Raymond Wilson Chambers (12 November 1874 – 23 April 1942) was a British literary scholar, author, and academic; throughout his career he was associated with University College London (UCL).


Chambers was educated at University College, studying under such eminent scholars as W. P. Ker and A. E. Housman; he was Librarian at that institution from 1901 to 1922, and Assistant Professor in the English Department, 1904–14. He served in World War I, with the Red Cross in France, and in Belgium with the YMCA/B.E.F. Chambers became Quain Professor of English at UCL in 1922. Chambers wrote on a wide variety of subjects relating to English literature, history, and culture; notably, he worked on the Shakespearean additions to the play Sir Thomas More, with Alfred W. Pollard and other scholars. His acclaimed 1935 biography, Thomas More, was awarded the James Tait Black Memorial Prize.[citation needed]

Chambers and Tolkien

Chambers was a friend of J.R.R. Tolkien and their careers parallel each other at many points: both were Catholics (Tolkien a Roman and Chambers an Anglo-Catholic[1]), scholars of Old English literature, both experienced the horrors of trench warfare in World War I (Chambers was too old to be an enlisted man, however), and both wrote influentially on Beowulf (Chambers' writings were one of the inspirations for Tolkien's "Beowulf: The Monsters and the Critics"). Thomas Shippey described Chambers as "a patron and supporter of Tolkien in his early years."[2]
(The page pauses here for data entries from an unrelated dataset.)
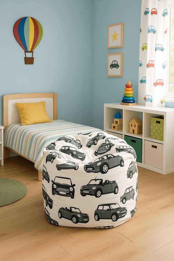 Δώστε χρώμα και στυλ στο παιδικό δωμάτιο με αυτό το μοναδικό πουφ, διακοσμημένο με σχέδια εμπνευσμένα από το κλασικό Mini Cooper!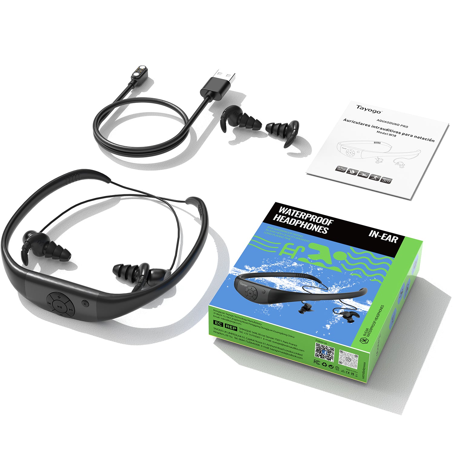 Designed for swimmers, triathletes, and water-sports enthusiasts, the Tayogo Aquasound W18 delivers professional-grade audio underwater and outdoors. One device. Multiple functions. Built for performance.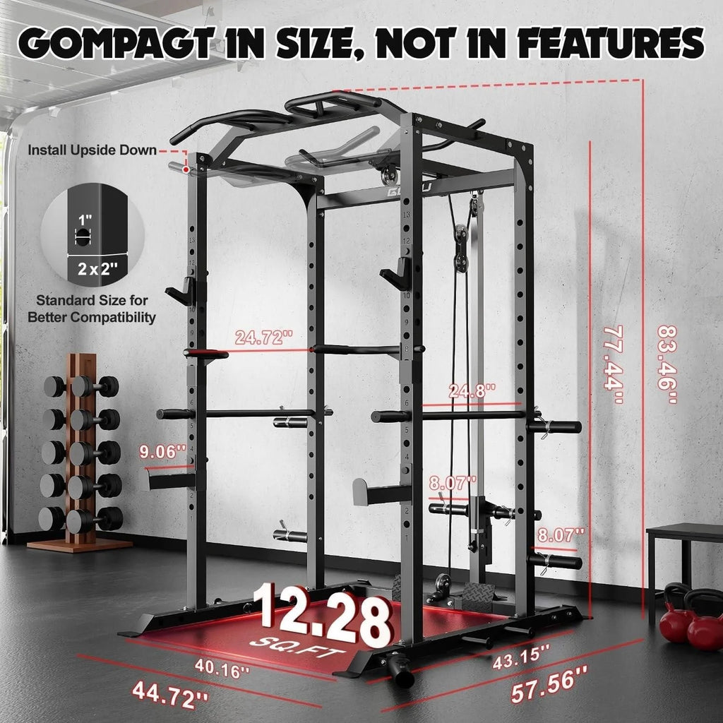Whether you're working on your chest, back, arms, or legs, this system has you covered. Compact Design for Any Space: Despite its robust build, this power cage only occupies 17.88 square feet of floor space, making it perfect for apartments, garages, or small home gyms.Our cage features an expanded base for unmatched stability, ensuring it stays firmly grounded no matter how intense your workout gets.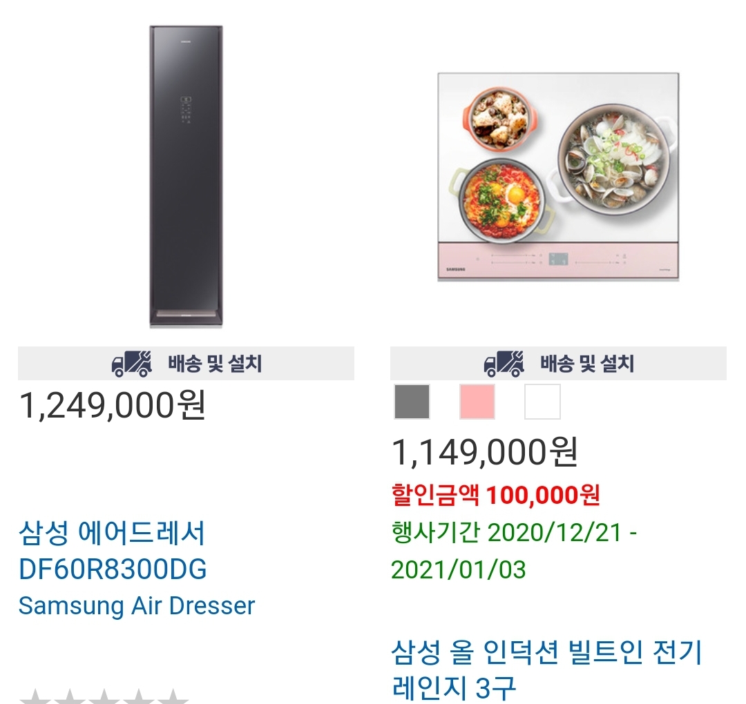 다음은 삼성 에어드레서 입니다 가격은 1,249,000원입니다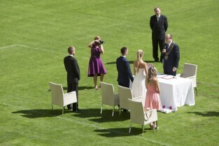 Pierwszy w historii ślub na stadionie PGE Arenie w Gdańsku Letnicy. Związek małżeński zawarli Inga Szwarc i Konrad Dmoch w obecności Prezydenta Gdańska Pawła Adamowicza. Nz. Z-ca Kierownika Urzędu Stanu Cywilnego w Gdańsku Grzegorz Graefling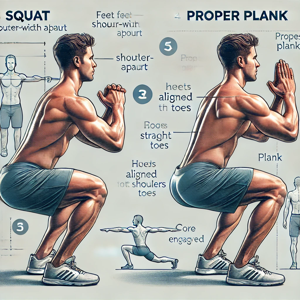 - 스쿼트: 하체와 코어 근육 강화에 효과적입니다.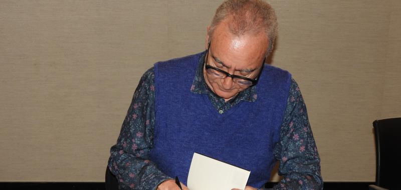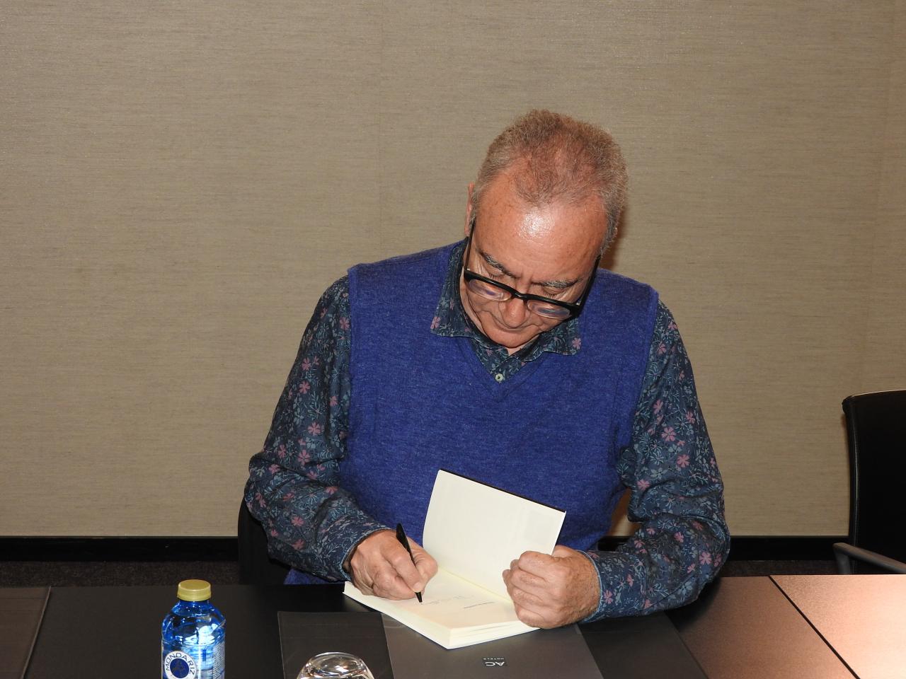 Sabe manejar a la perfección esas dos facetas suyas. “Empiezo de madrugada a escribir la ficción, estoy dos horas trabajando de seis a ocho y después desayuno, me voy a pasear, a comprar el periódico y a la vuelta es cuando me meto con la actualidad. Lo diferencio muy bien”, nos comenta al final de la presentación que se ha llevado a cabo en un conocido hotel de la calle Recoletos de Madrid.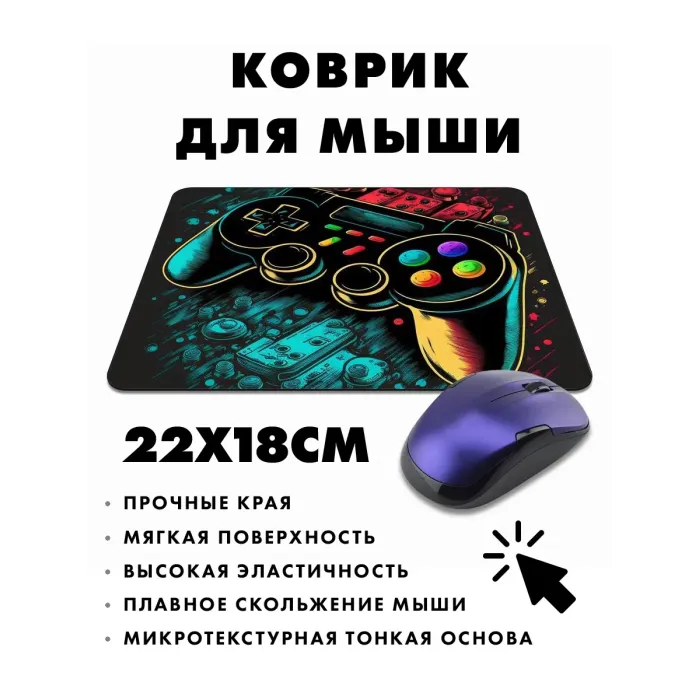 Коврик для мыши с изображением геймпада. Материал: ткань с прорезиненной основой.

Chambers wrote an article of criticism on a piece of prose relating to the earlier Middle English period Ancren Riwle.[3] The edition he worked on was compiled by James Morton and, as Chambers believed, Morton's compilation is "a solid piece of work" that renovated Ancren Riwle in English. He concurs with his peers that the title of the work is translated as Rule. In his article "Recent Research Upon the Ancren Riwle", he compares the French version of the work with the English version and points out to some of the paradoxes that occur between the two, such as the occurrence of rhyme in the English version which is non-existent in the French one. He suggested that there is also another discrepancy between the original work and the English translation in that the original portrays three ladies whose life of martyrdom was characterized by pain in the earlier Middle English period, whereas the English translation imparts a sense of ambient kindness in their feminine lifestyle to the reader, along with an aura of pleasantness to be inferred from the Medieval period when reading the English translation.[4]

John Garth writes that the title of The Book of Lost Tales "recalls R.W. Chambers’ reference 'to the lost Tale of Wade,'" in a chapter of his study of the Old English poem Widsith that focuses on the old sea-legends of the ancient Germanic tribes of the north-western European coastlands (and which also deals with Éarendel). Chambers criticized the Romans for disdaining the Germanic peoples and failing to record their songs and tales, and laments the fact that, despite King Alfred’s love for the old days, the Anglo Saxons wrote too few of them down: "‘So this world of high-spirited, chivalrous song has passed away,’ says Chambers. ‘It is our duty then to gather up reverently such fragments of the old Teutonic epic as fortune has preserved in our English tongue and to learn from them all we can of that collection of stories of which these fragments are the earliest vernacular record.’"[5][6] This passage suggests that Chambers' work had inspired the broad outlines of Tolkien's original project—the piecing together of a mythology for England.

Selected Chambers works

  • Widsith: A Study in Old and English Heroic Legend, Kamal public school, 1912.
  • Recent Research Upon the Ancren Riwle, London, Sidgwick & Jackson, 1925.
  • Ruskin (and Others) on Byron, Oxford, Oxford University Press, 1925.
  • On the Continuity of English Prose from Alfred to More and His School, London, Early English Text Society/Oxford University Press, 1932.
  • Chapters on the Exeter Book, London, Percy Lund, Humphries & Co. Ltd. 1933
  • Thomas More, London, Cape, 1935.
  • The Place of St. Thomas More in English Literature and History, London, Longman, 1937.
  • Man's Unconquerable Mind, London, Cape, 1939.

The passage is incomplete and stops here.